Cliente revisando una carta de rechazo de siniestro junto a un asesor de seguros analizando opciones de reclamación y defensa de derechos del asegurado.

Qué hacer si tu aseguradora rechaza un siniestro: pasos y soluciones

Recibir una carta o comunicación indicando que tu aseguradora rechaza un siniestro puede generar preocupación.

Sin embargo, una negativa no siempre significa que el asunto esté cerrado.

En muchos casos existen vías de revisión, reclamación e incluso rectificación si la decisión no está justificada.

Lo importante es actuar con calma y conocer los pasos adecuados.


¿Por qué puede rechazar un siniestro una aseguradora?

Antes de reclamar, conviene entender el motivo.

Las causas más habituales suelen ser:

  • Riesgo no cubierto por la póliza.
  • Exclusiones específicas.
  • Infraseguro.
  • Falta de pago de la prima.
  • Declaración incorrecta del riesgo.
  • Incumplimiento de obligaciones contractuales.

Por eso, el primer paso es solicitar una explicación detallada de la negativa.


1. Solicita la justificación por escrito

Si la compañía comunica la negativa por teléfono, solicita siempre una respuesta formal por escrito.

Debe indicar:

  • Motivo concreto del rechazo.
  • Cláusula aplicada.
  • Condiciones contractuales en las que se basa la decisión.

Esta documentación será fundamental si decides reclamar.


2. Revisa la póliza completa

Muchas veces el conflicto surge por una interpretación incorrecta de las coberturas.

Revisa:

  • Condiciones particulares.
  • Condiciones generales.
  • Exclusiones.
  • Límites de cobertura.
  • Capital asegurado.

Es recomendable analizar la documentación completa antes de presentar una reclamación.


3. Reúne toda la documentación

Cuanta más información puedas aportar, mejor.

Por ejemplo:

  • Fotografías.
  • Facturas.
  • Informes técnicos.
  • Presupuestos.
  • Informes periciales.
  • Comunicaciones con la aseguradora.

La documentación suele ser determinante.


4. Presenta una reclamación ante la aseguradora

Todas las compañías disponen de un Servicio de Atención al Cliente.

La reclamación debe incluir:

  • Datos personales.
  • Número de póliza.
  • Descripción de los hechos.
  • Motivos por los que consideras incorrecta la negativa.
  • Documentación de apoyo.

En ocasiones, esta revisión interna resuelve el problema.


5. Solicita una segunda valoración pericial

Cuando existe discrepancia sobre los daños o las causas del siniestro, puede ser útil contar con un perito independiente.

Un informe técnico externo puede aportar argumentos sólidos para defender tu posición.


6. Acude al Defensor del Cliente o a organismos competentes

Si la respuesta sigue siendo negativa, existen mecanismos adicionales.

Dependiendo del caso, pueden intervenir organismos de supervisión o mediación especializados en el sector asegurador.


7. Busca asesoramiento profesional

Cuando el importe reclamado es importante o la situación es compleja, contar con asesoramiento especializado puede marcar la diferencia.

Un análisis profesional permite valorar:

  • Si la negativa está justificada.
  • Si existen posibilidades reales de reclamación.
  • Qué estrategia seguir.

Errores frecuentes que debes evitar

  • Aceptar la negativa sin revisarla.
  • No guardar documentación.
  • Esperar demasiado tiempo para reclamar.
  • Presentar reclamaciones sin pruebas.
  • Basarse únicamente en conversaciones telefónicas.
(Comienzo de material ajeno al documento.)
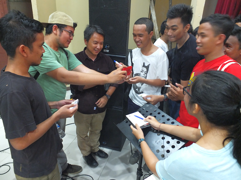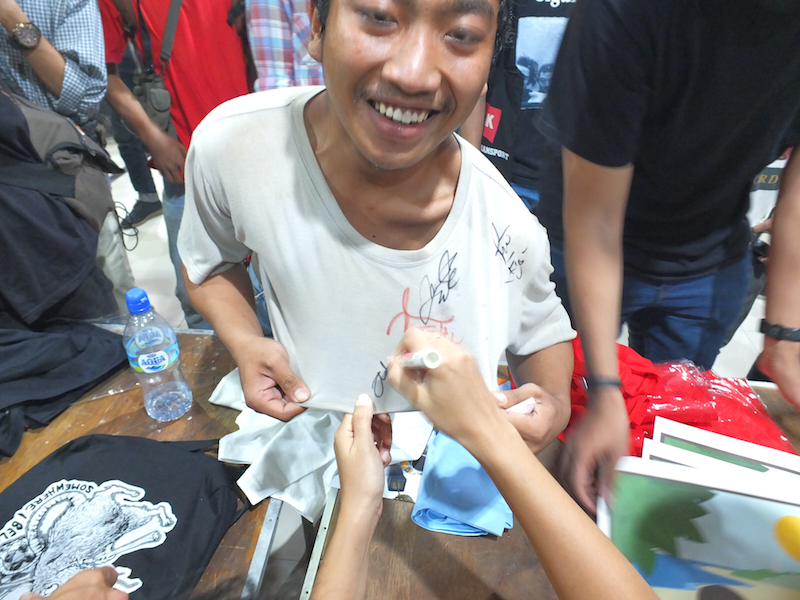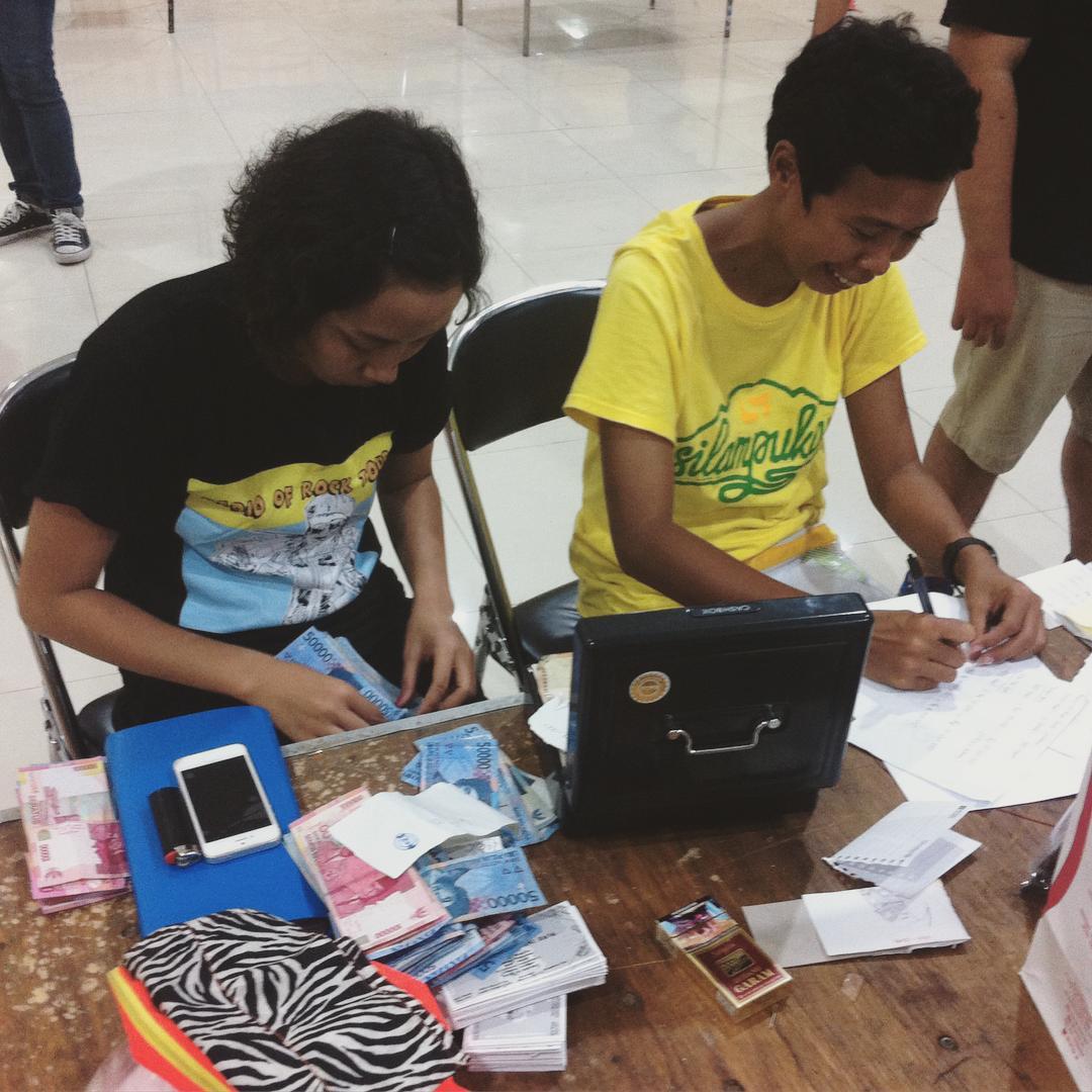 Di ujung acara, ia masih dengan sigap menghitung pemasukan yang ada bersama Anitha Silvia, seorang teman baik dari SatsCo yang menjadi co-organiser tur ini di Surabaya.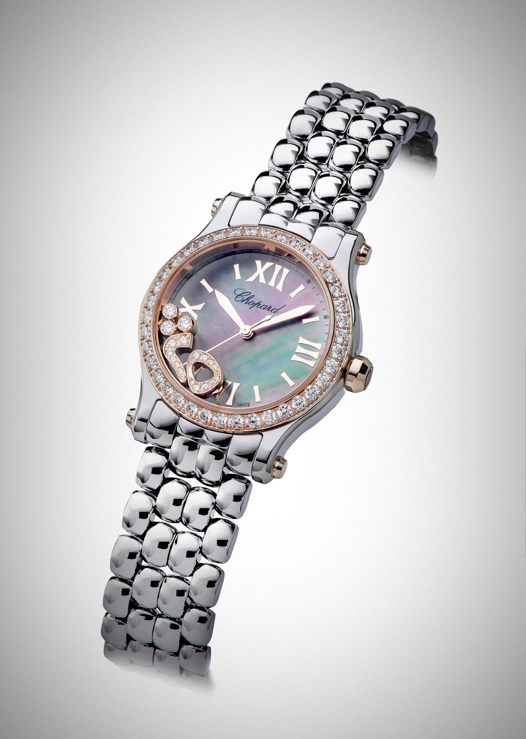 في عام 1993، افتتحت Chopard أول صالة عرضٍ لها في الإمارات العربية المتّحدة وتحديدًا في مركز “وافي” الواقع في دبي مول، متيحة لعشّاقها فرصة استكشاف أجمل إبداعاتها الفاخرة. وفي العام ذاته، أطلقت مجموعة ساعات Happy Sport المميزة بسوار ذي حبوب متراصفة من الفولاذ الصلب المقاوم للصدأ، والتي كانت أوّل ساعة تصمّمها المديرة الإبداعية للدار والرئيسة الشريكة فيها، السيدة Caroline Scheufele. ولأنّ الذكرى الخامسة والعشرين لإطلاق هذه المجموعة تصادف في العام نفسه لافتتاح أوّلى متاجر Chopard في الإمارات العربية المتّحدة، أطلقت هذه الأخيرة إصدارًا خاصًا بدبي ومحدودًا بـ 25 ساعة استوحته من التصميم الأساسي لأوّل ساعة Happy Sport. تتميز الساعة الجديدة بإطار من الذهب الورديّ والمرصّع بالألماس، وبميناء مصنوع من عرق اللؤلؤ التاهيتي يجمع بين لوني الأزرق والزهري بأسلوب آسر. ولتجسيد هذه الذكرى بطريقة استثنائية، تمّ تصميم رقمي 2 و5 بلغة الـ Urdo من الذهب الورديّ والألماس، وأضيفا فوق الزجاجة بين مؤشري الساعة السادسة والتاسعة.

La documentación siempre es clave.


¿Cuándo merece la pena reclamar?

Generalmente cuando:

  • Consideras que la cobertura existe.
  • Existen dudas razonables sobre la interpretación de la póliza.
  • El importe económico es significativo.
  • Dispones de documentación que respalda tu posición.

Cada caso debe analizarse individualmente.


Conclusión

Que una aseguradora rechace un siniestro no significa necesariamente que tengas que aceptar la decisión sin más.

Solicitar explicaciones, revisar la póliza y reunir pruebas son los primeros pasos para defender tus derechos.

La mejor forma de evitar conflictos sigue siendo contratar una póliza adecuada y revisarla periódicamente para asegurarte de que las coberturas se ajustan a tus necesidades reales.